From bd347578914919fe0eea0fe3266cf8d76c95225d Mon Sep 17 00:00:00 2001
From: liutianlin0121 <tliu@jacobs-alumni.de>
Date: Wed, 19 Apr 2023 09:48:28 +0200
Subject: [PATCH 4/7] reuse existing ot.smooth functions with a new
 'sparsity_constrained' reg_type

---
 examples/plot_OT_1D_smooth.py |   3 +-
 ot/smooth.py                  | 190 +++++-----------------------------
 test/test_smooth.py           | 131 ++++++-----------------
 test/test_utils.py            |  53 ++++++++++
 4 files changed, 109 insertions(+), 268 deletions(-)

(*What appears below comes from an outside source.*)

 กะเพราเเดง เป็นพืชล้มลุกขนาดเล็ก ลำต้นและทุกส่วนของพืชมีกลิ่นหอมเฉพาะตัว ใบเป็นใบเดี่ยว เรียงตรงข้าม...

diff --git a/examples/plot_OT_1D_smooth.py b/examples/plot_OT_1D_smooth.py
index 517639277..548ddc81a 100644
--- a/examples/plot_OT_1D_smooth.py
+++ b/examples/plot_OT_1D_smooth.py
@@ -116,7 +116,8 @@
 lambd = 1e-1
 
 max_nz = 2  # two non-zero entries are permitted per column of the OT plan
-Gsc = ot.smooth.sparsity_constrained_ot_dual(a, b, M, lambd, max_nz=max_nz)
+Gsc = ot.smooth.smooth_ot_dual(
+    a, b, M, lambd, reg_type='sparsity_constrained', max_nz=max_nz)

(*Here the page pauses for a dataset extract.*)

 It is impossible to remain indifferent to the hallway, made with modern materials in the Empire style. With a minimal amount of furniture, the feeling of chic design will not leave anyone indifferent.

 pl.figure(5, figsize=(5, 5))
 ot.plot.plot1D_mat(a, b, Gsc, 'Sparsity contrained OT matrix; k=2.')
 
diff --git a/ot/smooth.py b/ot/smooth.py
index 8308ef8dd..d9cf498e9 100644
--- a/ot/smooth.py
+++ b/ot/smooth.py
@@ -482,7 +482,8 @@ def get_plan_from_semi_dual(alpha, b, C, regul):
     return regul.max_Omega(X, b)[1] * b
 
 
-def smooth_ot_dual(a, b, M, reg, reg_type='l2', method="L-BFGS-B", stopThr=1e-9,
+def smooth_ot_dual(a, b, M, reg, reg_type='l2', max_nz=None,
+                   method="L-BFGS-B", stopThr=1e-9,
                    numItermax=500, verbose=False, log=False):
     r"""
     Solve the regularized OT problem in the dual and return the OT matrix
@@ -524,6 +525,9 @@ def smooth_ot_dual(a, b, M, reg, reg_type='l2', method="L-BFGS-B", stopThr=1e-9,
               :ref:`[2] <references-smooth-ot-dual>`)
 
             - 'l2' : Squared Euclidean regularization
+            - 'sparsity_constrained' : Sparsity-constrained regularization [50]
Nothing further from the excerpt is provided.